Investors can earn risk-free income of 6% to 8% annually by lending stocks.
Tinesh Bhasin reports on how the mechanism works
For many years, long-term investors had the option to lend their shares and earn risk-free additional income by way of interest.
But due to lack of awareness and demand from borrowers, the securities lending and borrowing mechanism (SLBM) never saw any meaningful volumes. This is expected to change soon.
The Securities and Exchange Board of India has said that physical settlement of stock derivatives will be made mandatory in a phased manner.
At present, equity derivatives are settled in cash, which means the difference between the entry price and exit price is either debited or credited in cash.
In the physical settlement, traders will have to take delivery of shares on the settlement day against the derivatives positions.
The easiest for a trader to do this is by borrowing stocks from existing investors.
"As the market regulator implements physical settlement of derivatives, more and more traders will have to borrow shares to meet their obligations," says Umesh Mehta, head of research, SAMCO Securities.
"It means, more brokers will now offer services to investors to enable them to lend shares for a few days and earn interest.
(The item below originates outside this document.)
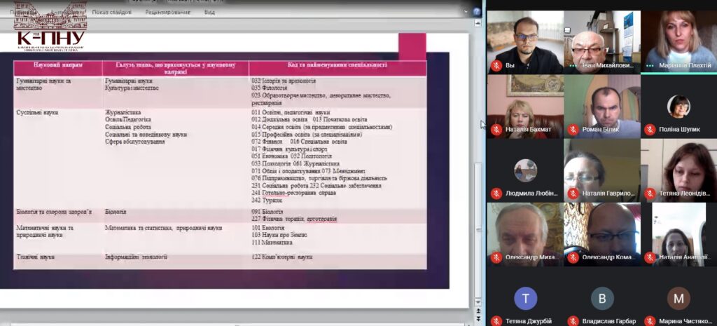 07 квітня 2021 року відбулося засідання наукової ради К-ПНУ. Іван Михайлович Конет, проректор із наукової роботи, доктор фізико-математичних наук, професор, голова наукової ради, поінформував членів наукової ради про нові нормативно-правові та розпорядчі документи в галузі науки. Зокрема, на засіданні присутні розглянули результати державної атестації закладів вищої освіти в частині провадження ними наукової (науково-технічної) діяльності, затверджені наказом МОН №375 від 25.03.21 р. Відповідно до наказу із двох наукових напрямів, поданих університетом до розгляду, атестований науковий напрям «Суспільні науки» на кваліфікаційну групу «Б» терміном на 5 років, науковий напрям «Гуманітарні науки» після доопрацювання буде повторно представлений для оцінювання.

For lenders, it's risk-free money as the regulations around SLB is strict and exchange controlled," Mehta adds.
Any investor that has long-term holdings sitting idle in his demat account can lend shares by approaching his broker and filling up the forms and submitting the required documents.
Once the forms are signed and relevant proofs are submitted within two weeks an investor can start lending shares.
As a lender, you can place an order with the broker mentioning the stock, quantity to lend, period, and lending fees you expect on a per share basis.
Similarly, the borrower, too, places an order mentioning the stock, time, quantity and the lending fees he is ready to pay.
The orders are matched on the exchange, and the transaction takes place.
The lender is asked for 25% of the total amount of stock s/he is lending immediately to ensure that s/he doesn't default after saying a yes.
To ensure there is no default from the borrower, s/he is asked to bring in 125% of the stock value s/he is borrowing as margin, and also lending fees over and above the margin.
There is also monitoring of mark-to-market losses daily to ensure the borrower doesn't default.
At the end of the contract, the lender gets back the stock and borrower margin is released.
In case the borrower wants an early repayment or lender wants an early recall there is a mechanism to do so.
The borrower would place an early repay request with the fees s/he is willing to receive, and the lender would place an early recall request with the fees s/he is willing to pay.
Market participants believe that SLB holds huge potential for investors.
"An investor gets to earn a small interest on idle shares without taking any risk," says Venu Madhav, COO, Zerodha.
At present, investors can expect an average annualised interest of 6% to 8%. But as the market develops for SLB, this would come down.
Mostly, the stocks are borrowed for up to 30 days.
The SLBM also has provisions to take care of corporate actions such as dividends, bonus, stock split and rights issues.
The lender doesn't need to worry about any of it while the stocks are with the borrower.
Say, if a company is paying a dividend, the borrower will collect it and pass it on to the lender.